One important side of classical music which follows the whole tradition until the 20th century and longer, is the connection to folk music. The melodies and the rhythmical sides of folk music have gone into the «educated» tradition, and many composed melodies, simple or complicated, has been developed from here.

Carl Nielsen is one composer I feel is frequently performed too dry, except for a few pieces. He is harmonically interesting, of course, but not only that, he is also a guy from the countryside, one who sets the landscape to music, he is also a national romantic. One should of course not abandon the «academic» sides of Nielsen, on the contrary, but the roots of folk music and indeed the sound of Nielsen, his life in Denmark, the country itself, is so much present, not only in the simple melodies, they go on long into the more complicated passages. One should not lose the feeling of walking on the ground, actually Danish ground, a point that is hard to miss for a Norwegian who are, like most others, steeped in the clichés of how to play Grieg.
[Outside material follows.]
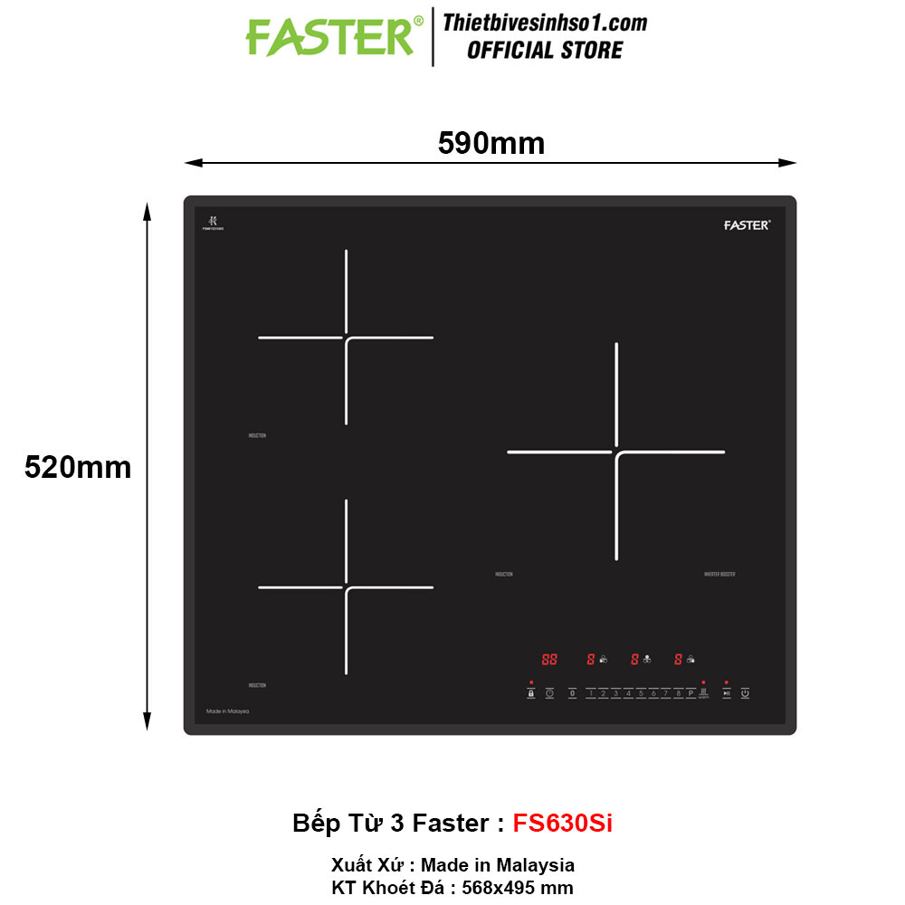 - KT Mặt Kính : 590x520 mm - KT Khoét Đá : 568x495 mm - Bảo Hành : 3 Năm - Mã Sản Phẩm : Faster FS630Si - Xuất Xứ : Made in Malaysia

He, and the rest of our national romantics, could do with some new ideas to describe their music, other than inspiration and description of mountains on the west coast, like any tourist is totally fascinated by. Well, the mountains are fabulous, and so is Grieg, but when you live a lifetime in the closeness of mountains you do other things too than just admire them, even if that is also part of life.

I mean, Grieg’s nature idiom contains stories about other things (yey) and his music also goes other places than Hurrungane – also, yes, it also goes to those mountains, but what happens there? is also the question.
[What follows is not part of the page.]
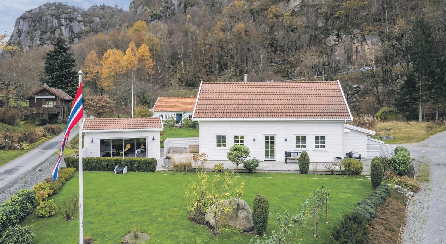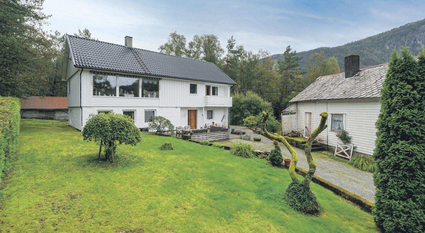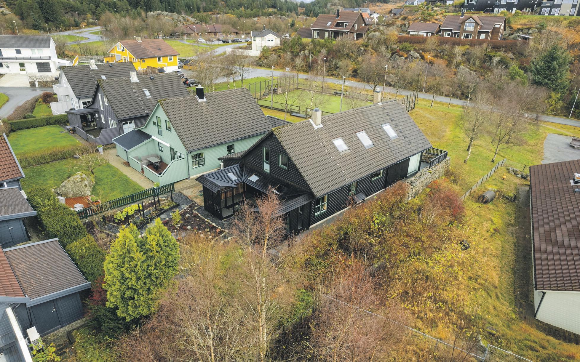 Landlig og sentral enebolig m/idyllisk plassering mot grøntareal. Blindvei. Raskt tilgang E39. Få min fra sentrum. Turomr.

Sigurd Slåttebrekk put completely new colours into Grieg with his «authentic interpretation» project some years ago, and I’ve heard others do really interesting things. I am not quite updated, but I feel that the idea of going to folk roots maybe especially for melody and sound could be a good one for more composers than Nielsen – but that we up here, in Norway, quite simply, as is pretty common – has the opposite position and need the opposite thing. The nature kids need to think, differently, move out of the idea of nature for a little while, and the Danes need to go to their grass roots, maybe, to make contact with their own ground, or whatever Nielsen is into.
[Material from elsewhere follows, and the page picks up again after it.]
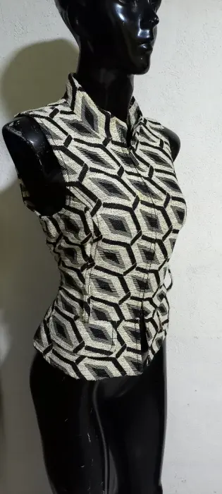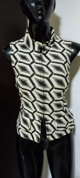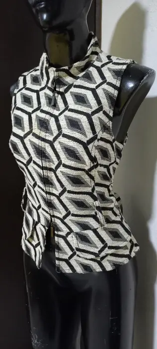 Chaleco acinturado con cierre yute. Gracias por tu visita ..En esta ocasión te traemos:..................................................................................TALLA sMARCA ROBERTO VERINOCOLOR SICODELICOSTRECH NOTELA YUTEMADE IN PORTUGALFORRO MEDIDAS HOMBRO 33 CM AXILA 44 CM CINTURA 38 CM CADERA 45 CM LARGO 54 CM Las medidas son de lado a lado de la prenda
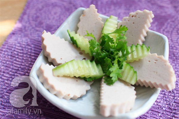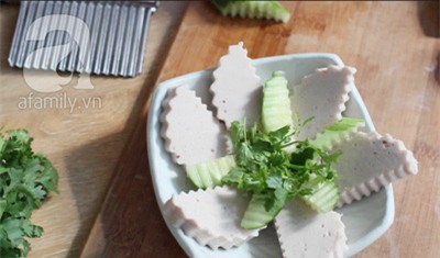 giò hình bán nguyệt, lát mỏng. Cuốn lại tạo thành bông hoa (dùng ly nhỏ

I also read once a quote from him saying something like «if a man pushed his back towards an iceberg…» – in discussing some of his own music, I think. Well, there are no concrete icebergs where we live, but the idea of North is and was of course always a thing in the South, and there are and were mental and artistic icebergs to be experienced. The history of Denmark and Norway is intertwined in many ways , and we should never stop listening to each other and give each other new ideas.